Mr. Briggerland came in an hour after, looked over her shoulder at the title, and made a sound of disapproval.
"I can't understand your liking for that kind of book," he said.
The book was one of the two volumes of "Chronicles of Crime," and she looked up with a smile.
"Can't you? It's very easily explained. It is the most encouraging work in my collection. Sit down for a minute."
"A record of vulgar criminals," he growled. "Their infernal last dying speeches, their processions to Tyburn--phaugh!"
She smiled again, and looked down at the book. The wide margins were covered with pencilled notes in her writing.
"They're a splendid mental exercise," she said. "In every case I have written down how the criminal might have escaped arrest, but they were all so vulgar, and so stupid. Really the police of the time deserve no credit for catching them. It is the same with modern criminals...."
She went to the shelf, and took down two large scrap-books, carried them across to the fire, and opened one on her knees.
"Vulgar and stupid, every one of them," she repeated, as she turned the leaves rapidly.
"The clever ones get caught at times," said Briggerland gloomily.
"Never," she said, and closed the book with a snap. "In England, in France, in America, and in almost every civilised country, there are murderers walking about to-day, respected by their fellow citizens. Murderers, of whose crimes the police are ignorant. Look at these." She opened the book again. "Here is the case of Rell, who poisons a troublesome creditor with weed-killer. Everybody in the town knew he bought the weed-killer; everybody knew that he was in debt to this man. What chance had he of escaping?
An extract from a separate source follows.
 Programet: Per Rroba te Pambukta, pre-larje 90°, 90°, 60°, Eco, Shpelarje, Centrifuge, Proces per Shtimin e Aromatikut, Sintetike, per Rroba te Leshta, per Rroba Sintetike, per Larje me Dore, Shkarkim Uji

Here's Jewelville--he kills his wife, buries her in the cellar, and then calls attention to himself by running away. Here's Morden, who kills his sister-in-law for the sake of her insurance money, and who also buys the poison in broad daylight, and is found with a bottle in his pocket. Such people deserve hanging."
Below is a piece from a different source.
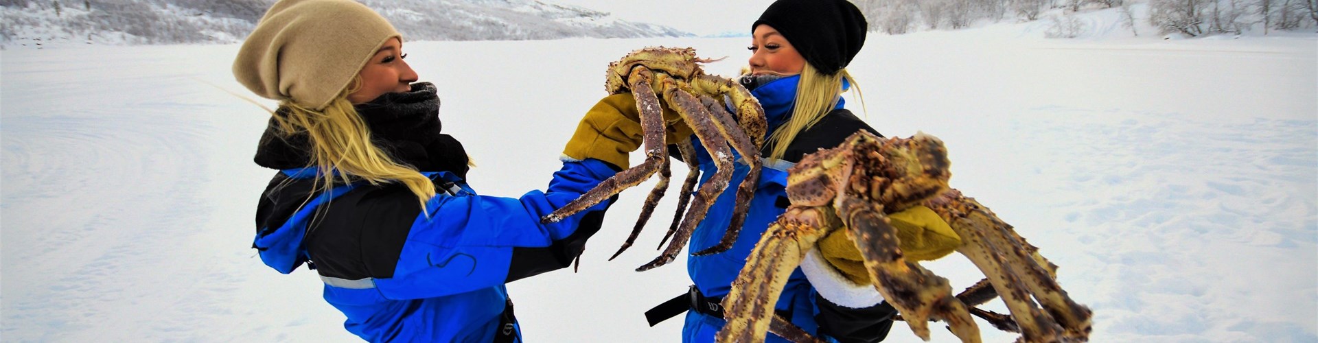 特別安排乘坐雪上電單車拉雪橇前往結冰的峽灣,到事先勘察的冰洞旁,由專人講解及即席將捕蟹籃從洞內拉出,團友更有機會親手拿獲體型龐大的帝王蟹拍照留念!乘雪橇返回木屋後,品嚐肉質鮮美帝皇蟹。(提供保暖衣物)

"I wish to heaven you wouldn't talk about hanging," said Briggerland tremulously, "you're inhuman, Jean, by God--"
"I'm an angel," she smiled, "and I have press cuttings to prove it! The _Daily Recorder_ had half a column on my appearance in the box at Jim's trial."
He looked over toward the writing-table, saw the letter, and picked it up.
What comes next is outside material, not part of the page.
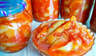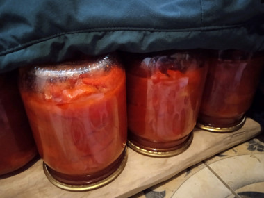 Понравилась мне такая заготовка, только помидоры уже закончились, к сожалению. Но я не опустила руки и сделала салат лечо на зиму, заменив помидоры томатной пастой. Все делала по рецепту, только вместо помидор взяла 500 мл воды и 400 г томатной пасты на 2 кг болгарского перца.
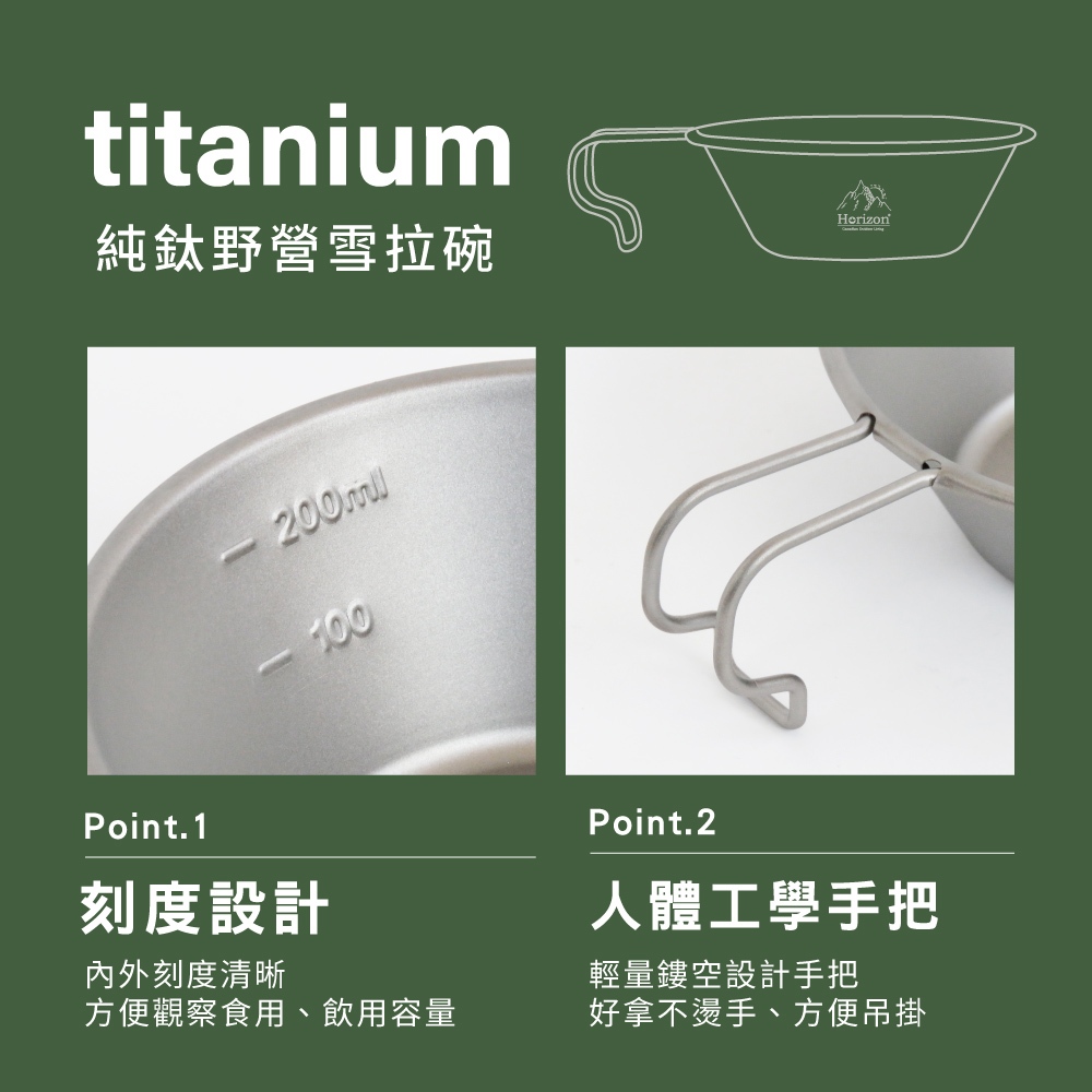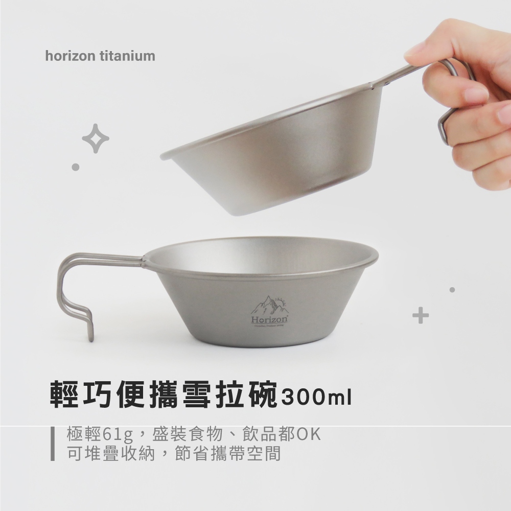 【Horizon 天際線 鈦輕量】純鈦雪拉碗300ml│露營杯碗、提耳碗│可直火使用│把手可掛於背包│可彼此套疊收納(蝦皮活動限定)雪拉碗300mlCamping & HikingICareU嚴選

"So you've written to the lady. Are you sending her the jewels?"
She nodded.
He looked at her quickly.
"You haven't been up to any funny business with them, have you?" he asked suspiciously, and she smiled.
"My dear parent," drawled Jean Briggerland, "after my lecture on the stupidity of the average criminal, do you imagine I should do anything so _gauche_?"
Chapter VIII
"And now, Mrs. Meredith," said Jack Glover, "what are you going to do?"